14th century CE copy of the Bible (Source: Wikipedia)

Previously, I posted about how we can think about the historical reliability of the Hebrew Bible. As I continue this series, I plan to continue exploring this question. Although it may not seem important, one of the most important things we can do first is ask ourselves a question: what do I think of the Hebrew Bible? Preconceived notions of the Hebrew Bible will often times guide how we read and understand the Hebrew Bible. Interestingly, this can happen across the spectrum. In order to demonstrate this, I will offer thoughts from both sides of the spectrum. I know these are not representative of everybody. I use these generalizations in order to make the point that we have to think about what we think of the Hebrew Bible, regardless of where we stand.

On the far right, we have conservative groups. These groups may be Christian or Jewish. Often times, when more conservative readers approach the Hebrew Bible, there is a preconceived notion that the text of the Hebrew Bible is holy in some manner. Being holy, it will speak the truth. Therefore, what we see in the bible is probably historically accurate.

Naturally, this view is not necessarily wrong. As I pointed out previously, some parts of the Hebrew Bible may be historically reliable. Other parts of it may not be historically reliable. So, in one sense, it is good that conservative groups automatically assume the historical reliability of the Hebrew Bible. Many part of I and II Kings, for example, are historically reliable.

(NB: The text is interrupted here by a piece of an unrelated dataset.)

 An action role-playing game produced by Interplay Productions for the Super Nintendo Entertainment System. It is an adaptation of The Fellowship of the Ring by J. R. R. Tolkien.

However, this view is also problematic. Think about, for example, Genesis 1:1-2:4. Many would argue that this text reflects and records the history of how God created the universe. When we look the Hebrew Bible’s historical context, though, it becomes apparent that there are many versions of how deities created the world and established kingship. Historically, these texts were never meant to present a material history of exactly how the deity created; rather, they were meant to demonstrate that the deity was a legitimate ruler. In other words, the goals was not to write history.

Therefore, it is problematic to see Genesis 1:1-2:4 as a historical account of how God created the world. I make this claim  based on the historical context of Genesis 1:1-2:4.

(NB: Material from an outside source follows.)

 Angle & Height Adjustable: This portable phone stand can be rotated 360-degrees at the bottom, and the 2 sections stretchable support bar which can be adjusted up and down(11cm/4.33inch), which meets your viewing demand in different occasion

On the other side of the spectrum, though, we have people who are strongly opposed to religion. And the Hebrew Bible is a religious book. Therefore, we should be extremely skeptical about it [1]. In reading the Hebrew Bible, they may be substantially more skeptic about accepting anything in it as historically reliable. This approach, of course, is valuable. Like I posted previously, some part of the Hebrew Bible are absolutely not historical. Genesis 1:1-2:4, for example, is myth. It is not history.

However, some part of the Hebrew Bible are historically reliable. So, viewing the Hebrew Bible entirely skeptically is problematic. Consider, for example, II Kings 18-19. In this passage, we see an account of Sennacherib attacking Jerusalem. What is more, we also have written documentation by Assyrians during that period which reference this attack upon Jerusalem. Although both texts differ in how they understand the event, they nonetheless point to the same event. Therefore, we should be cautious to quickly dismiss the historical reliability of the Hebrew Bible.

In either case, whether conservative or liberal and strongly opposed to religion, we must recognize that we often read our own preconceived notions and ideas into the Hebrew Bible. These notions may sometimes be valuable, such as skepticism of the historical reality of Genesis 1:1-2:4. Or, on the other side, acceptance of the historical reality of Kings. In either case, the reader needs to be critical not just of the text; rather, the reader needs to be critical of where they come from.

By asking ourselves, “What are my preconceived ideas about the Hebrew Bible,” we are able to approach it critically. We are able to ask questions which we normally wouldn’t ask. Only by doing this are we able to think about the historical reliability of the Hebrew Bible [2].

[1] Please let me know if this is totally inaccurate. This was not my background. So, it is more difficult for me to explain.

[2] This is a constant process. No matter how long one has been reading the Hebrew Bible or studying the ancient Near East, we must constantly ask ourselves what our own preconceived notions are.